Setback for mobile firms in fight against EU pricing limits

Four of Europe’s largest mobile network operators suffered a setback today in their legal battle to stop the EU imposing limits on the cost of using mobile phones abroad.

Setback for mobile firms in fight against EU pricing limits

Four of Europe’s largest mobile network operators suffered a setback today in their legal battle to stop the EU imposing limits on the cost of using mobile phones abroad.

The four, Vodafone, Telefonica O2, T-Mobile and Orange, say the setting by Brussels of uniform maximum “roaming” prices across Europe exceeded the power of the European Commission and should be left to national authorities.

But in a legal “opinion” today, an Advocate General at the European Court of Justice said the EU was right to act – because the Commission’s previous attempts to curb high roaming charges through political pressure and competition inquiries had failed.

The Commission had stepped in as “a last resort” when it found that roaming prices varied widely across Europe “in ways that could not be explained by underlying costs”.

Operators were making profits of above 200% for calls made while roaming, and of 300% or 400% for calls received:

“Given these excessive charges and the need for timely action, a decision to regulate retail prices was an option reasonably open to the Community” declared Advocate General Poiares Maduro.

His opinion will now be considered by the full court before a final verdict is delivered later this year or early next year.

Compulsory maximum roaming rates came into force last summer to tackle what EU Telecoms Commissioner Viviane Reding called the “roaming rip-off”. She acted after warning the mobile phone industry that she was not satisfied with voluntary agreements to keep prices in check.

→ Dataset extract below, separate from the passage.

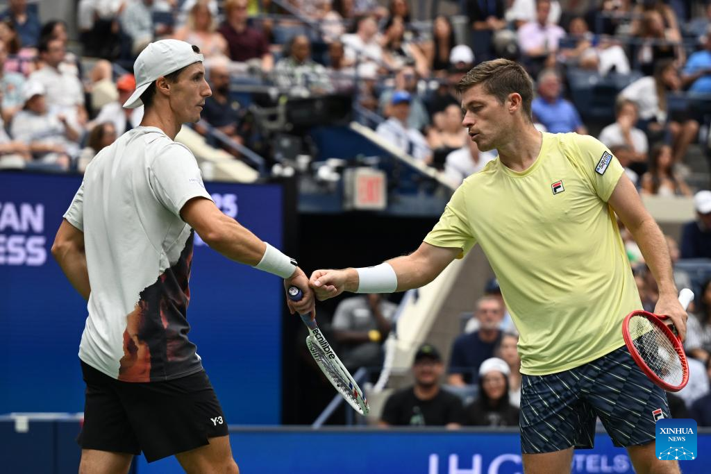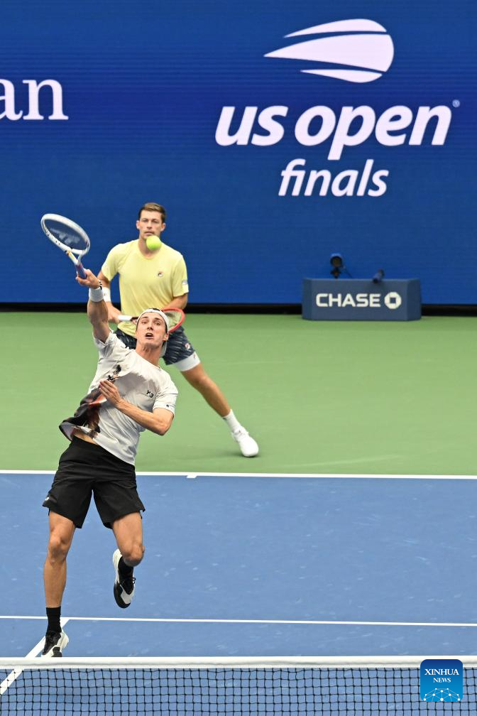 Joe Salisbury (front)/Neal Skupski return a hit during the men's doubles final match between Marcel Granollers of Spain/Horacio Zeballos of Argentina and Joe Salisbury/Neal Skupski of Britain at the 2025 US Open tennis championships in New York, the United States, Sept. 6, 2025. (Xinhua/Li Rui)

The result was one of the most popular consumer-driven moves by the EU – an average 60% cut in the maximum charges operators could levy on mobile users making or receiving calls while in another EU country.

The four big mobile operators went to court in the UK challenging the validity of setting prices using an EU law allowing the harmonisation of national rules “in order to achieve the internal market” – the EU’s single market.

The High Court then asked the European Court of Justice to rule on whether the EU had acted correctly by setting maximum prices.

Today’s “opinion” said the EU was entitled “to impose limits on the prices charged by mobile phone companies for roaming calls in the interests of the internal market”.

The differences in prices between calls made at home and made abroad “could reasonably be regarded as discouraging the use of cross-border services such as roaming”.

The “opinion” went on: “Such discouragement of cross-border activities has the potential to impede the establishment of an internal market in which free movement of goods, services and capital is ensured. Indeed, there is no clearer cross-border activity in the mobile telecoms sector than roaming itself.

It said it was “expedient and appropriate” for the EU to regulate retail prices.

The fact that the scheme was intended to expire after three years, that roaming charges were by definition a cross-border issue, and that roaming was “of minor concern to national regulators, made the EU better placed to address the problem. Had the issue been left to the 27 national regulators it may have taken too long to introduce effective control of retail prices.”